GPCR-lipid interactions website. Along with the paper, we also release a dedicated webpage hosted by GitHub to interactively visualize our dataset as it pertains to cholesterol and PIP lipid interactions. It uses the NGL Viewer(12) to display the density of cholesterol and PIP lipids in a 6 nm (60Å) radius around proteins. It allows direct interactions with our dataset using a user-friendly interface and visualize the number and duration of contact maps highlighted here, as well as view 3D density profiles and 2D slices of it.

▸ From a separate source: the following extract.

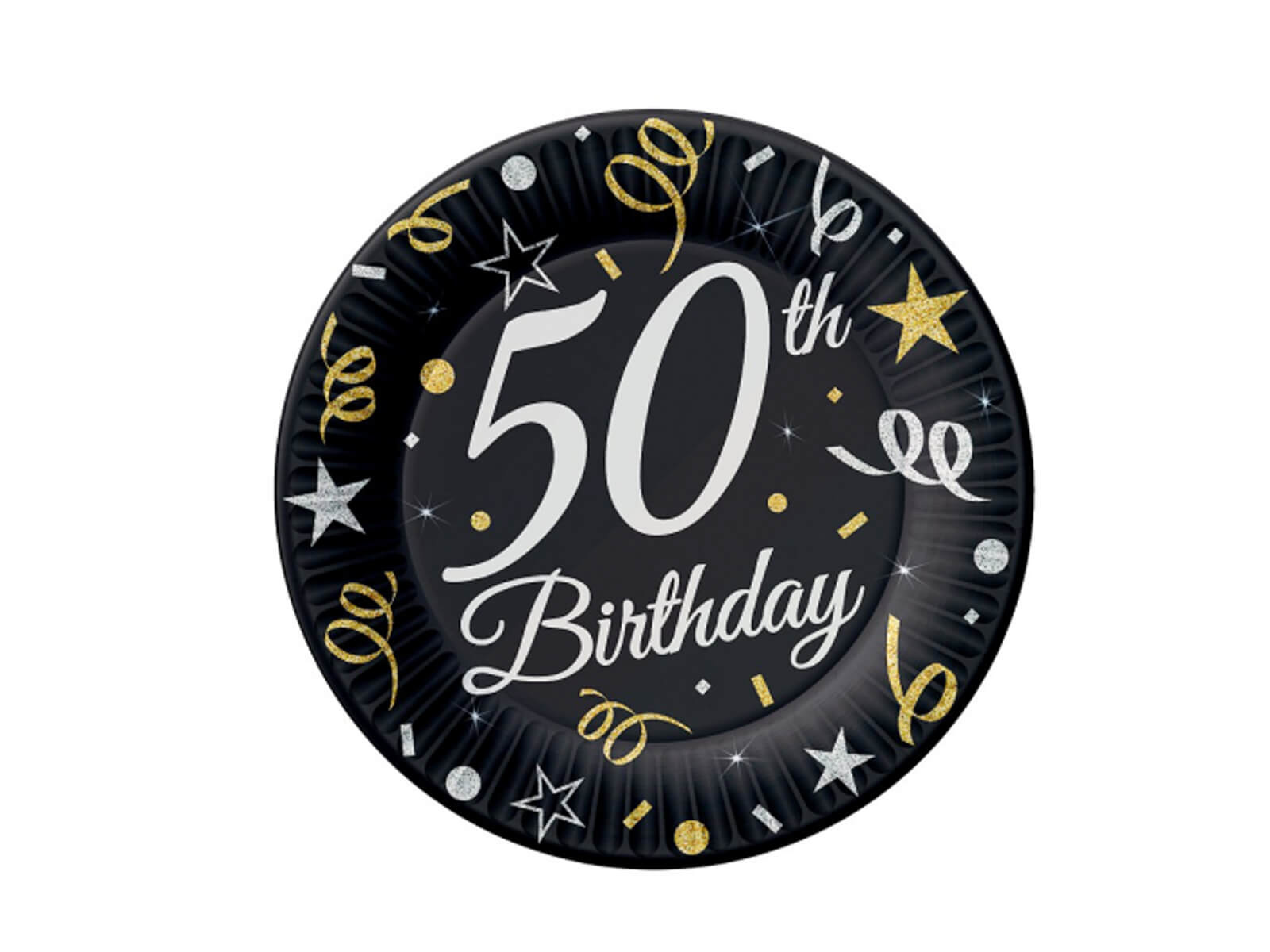 • Születésnapi papírtányérok fekete színben, konfettivel és az 50. születésnap felirattal, tökéletes egy ötvenedik születésnapi partihoz.

Additionally, we provide a separate application to view and interact with 3D objects representing the thickness and curvature profiles of each GPCRs. The 2D maps of these calculations are shown in Figures A-7 – A-9, however, the online application allows the user to interactively view these profiles, customize their appearance and easily switch between mean and Gaussian curvature. These objects are generated by g_surf and visualized using the Three.js JavaScript library and the coloring of the curvature is done using MeshLab.(13)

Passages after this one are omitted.